Reciprocal chromosomal translocations, which are mediated by errors
in immunoglobulin heavy chain (IgH) switch recombination or somatic
hypermutation as plasma cells are generated in germinal centers, are
present in most multiple myeloma (MM) tumors. These translocations
dysregulate an oncogene that is repositioned in proximity to a strong
IgH enhancer. There is a promiscuous array of nonrandom chromosomal
partners (and oncogenes), with the 3 most frequent partners (11q13
[cyclin D1]; 4p16 [FGFR3 and MMSET]; 16q23 [c-maf])
involved in nearly half of MM tumors. It is now shown that a novel
t(6;14)(p21;q32) translocation is present in 1 of 30 MM cell lines and
that this cell line uniquely overexpresses cyclin D3. The cloned
breakpoint juxtaposes gamma 4 switch sequences with 6p21
sequences that are located about 65 kb centromeric to the cyclin
D3 gene. By metaphase chromosome analysis, the
t(6;14) (p21;q32) translocation was identified in 6 of 150 (4%)
primary MM tumors. Overexpression of cyclin D3 messenger RNA
(mRNA) was identified by microarray RNA expression analysis in
3 of 53 additional primary MM tumors, each of which was found to have a
t(6;14) translocation breakpoint by interphase fluorescence in
situ hybridization analysis. One tumor has a t(6;22)(p21;q11)

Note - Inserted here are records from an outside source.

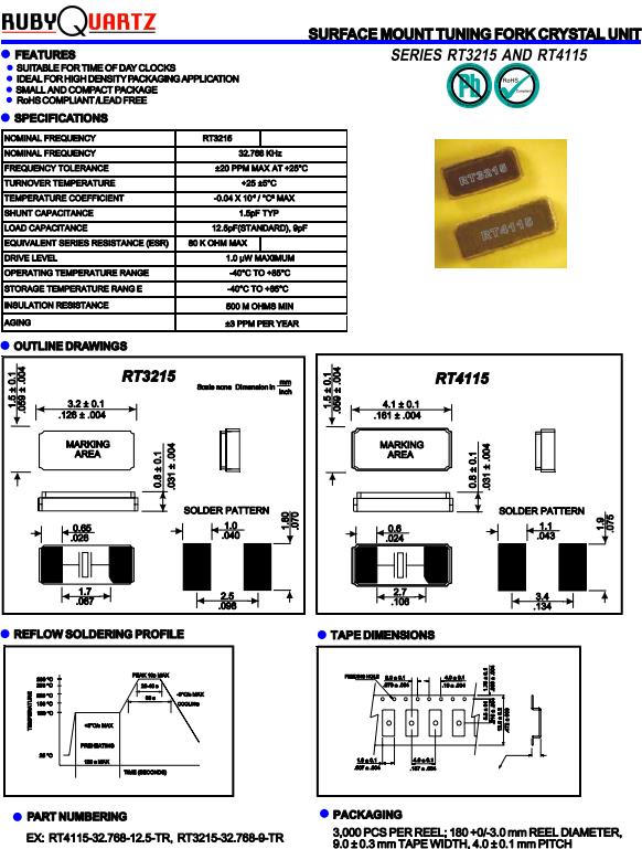 Rubyquartz歐美晶振,RT3215石英晶體,RT3215-32.768K-9-TR諧振器,美國Rubyquartz晶振擁有完整的諧振器與振蕩器產(chǎn)線-Rubyquartz晶振公司是美國有名的頻率控制元件制造商,在各大用戶眼里,是一家注重服務(wù)與質(zhì)量的晶振品質(zhì).
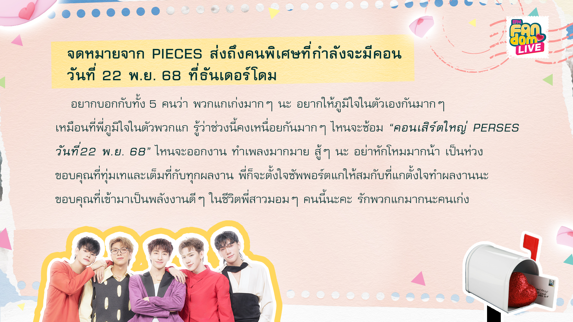 จดหมายฉบับที่ 4 ชื่อจดหมายว่า... จดหมายจาก PIECES ส่งถึงคนพิเศษที่กำลังจะมีคอนวันที่ 22 พ.ย. 68 ที่ธันเดอร์โดม
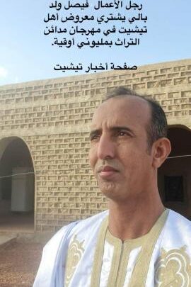 بمناسبة إشراف فخامة رئيس الجمهورية السيد: محمد ولد الشيخ الغزواني، اليوم في مدينة وادان على انطلاق مهرجان ( وادان) وتأييدا ومساندة لبرنامج الرئيس قام رجل الأعمال المعروف السيد : رجل الأعمال فيصل ولد بالي مدير شركة التأمينات (ريم) بشراء كافة معروضات جناح مخيم مدينة تشيت التاريخية في مهرجان. ودان بمبلغ مليوني أوقية ، قبل ان يوزعه على السلك الدبلوماسي وقال ولد بالي في تصريح له بأنه قام بهذه المبادرة دعما للجهود التنموية الكبيرة التي يقوم فخامة رئيس الجمهورية السيد: محمد ولد الشيخ الغزواني ، والرامية إلى دعم قاطرة تنمية البلاد باعتبار انها تمثل رافعة يجب على الجميع اتباعها من أجل وطن مزدهر وقادر على مقاومة إكراهات الحياة
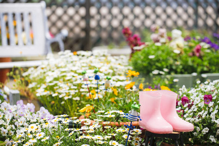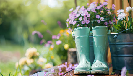 Green rubber boots in a vibrant flower garden with colorful blooms and rich soil, gardening concept
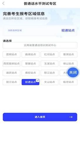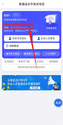 完成實名認證后,在APP首頁找到“普通話測試報名”,點擊進入普通話水平測試專區(qū)界面,選擇“云南省普通話培訓測試中心”后,點擊“進入首頁”。
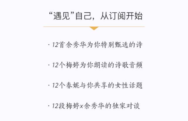 前100名订阅用户将获得余秀华老师签章诗集,以及梅婷、春妮女神亲笔签名的神秘礼物哦~
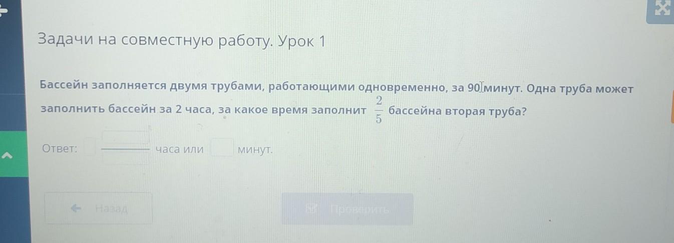 Задачи на совместную работу. Урок 1 Бассейн заполняется двумя трубами, работающими одновременно, за 90 минут. Одна труба может 2 заполнить бассейн за 2 часа, за какое время заполнит бассейна вторая труба? 5 Сл Ответ: часа или минут. - Назад Проверить
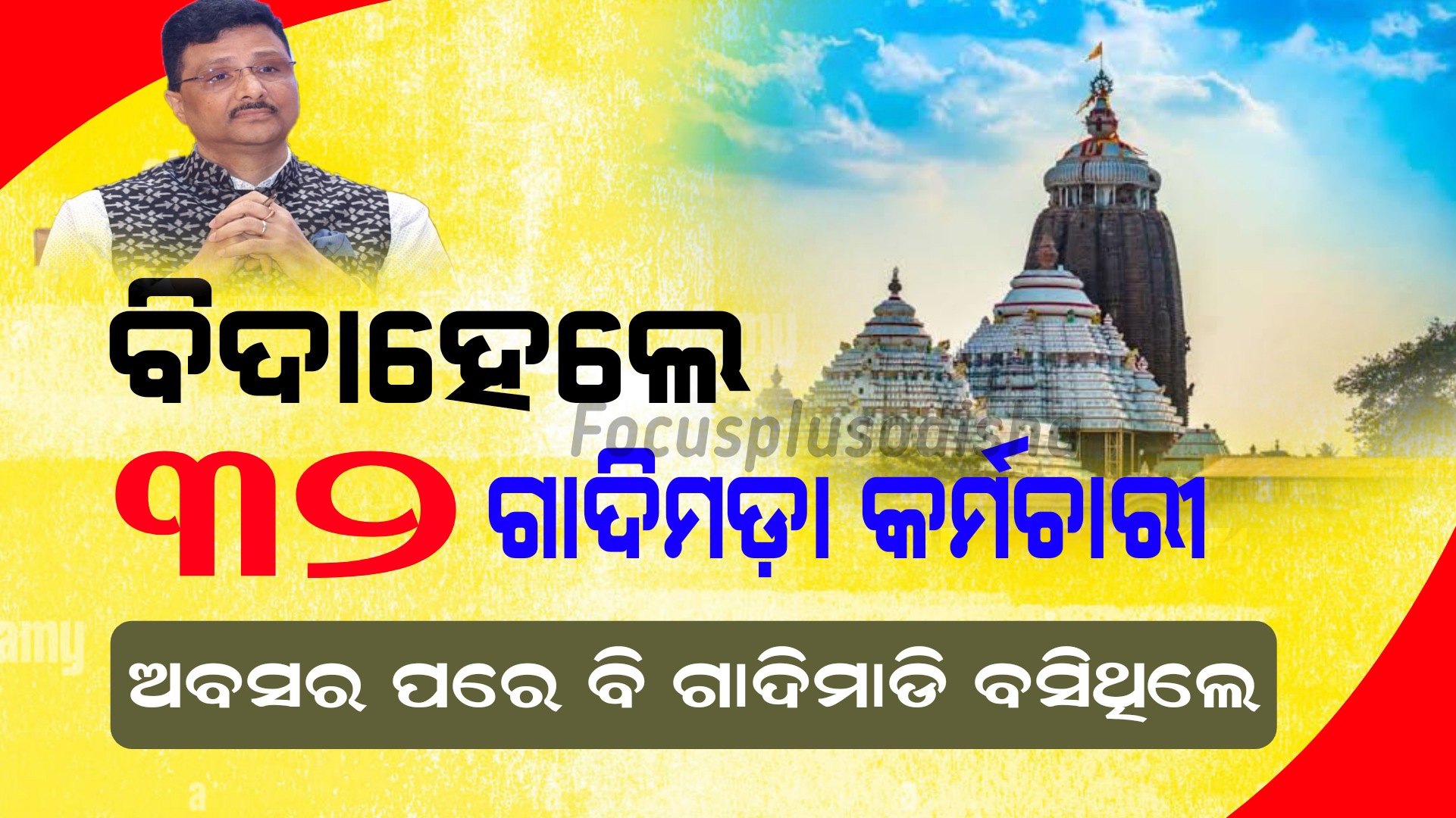 ଶ୍ରୀମନ୍ଦିର କାର୍ଯ୍ୟାଳୟରେ କାର୍ଯ୍ୟରତ ୩୨ କର୍ମଚାରୀ ବିଦା ହେଲେ ଶ୍ରୀମନ୍ଦିର କାର୍ଯ୍ୟାଳୟରେ କାର୍ଯ୍ୟରତ ୩୨ ଜଣ ଅବସରପ୍ରାପ୍ତ ଅଧିକାରୀ ଓ କର୍ମଚାରୀଙ୍କୁ ରାଜ୍ୟ ସରକାର ବିଦା କରିଛନ୍ତି। ଏହି ୩୨ ଜଣଙ୍କୁ ନିଯୁକ୍ତି ମିଳିଥିବା ନେଇ ଗଣମାଧ୍ୟମରେ…

translocation, so that cyclin D3 is bracketed by the IgL and IgH
breakpoints. These results provide the first clear evidence for primary
dysregulation of cyclin D3 during tumorigenesis. It is suggested that
the initial oncogenic event for most MM tumors is a primary
immunoglobulin translocation that dysregulates cyclin D1, cyclin D3,
and other oncogenes to provide a proliferative stimulus to postgerminal center plasma cells.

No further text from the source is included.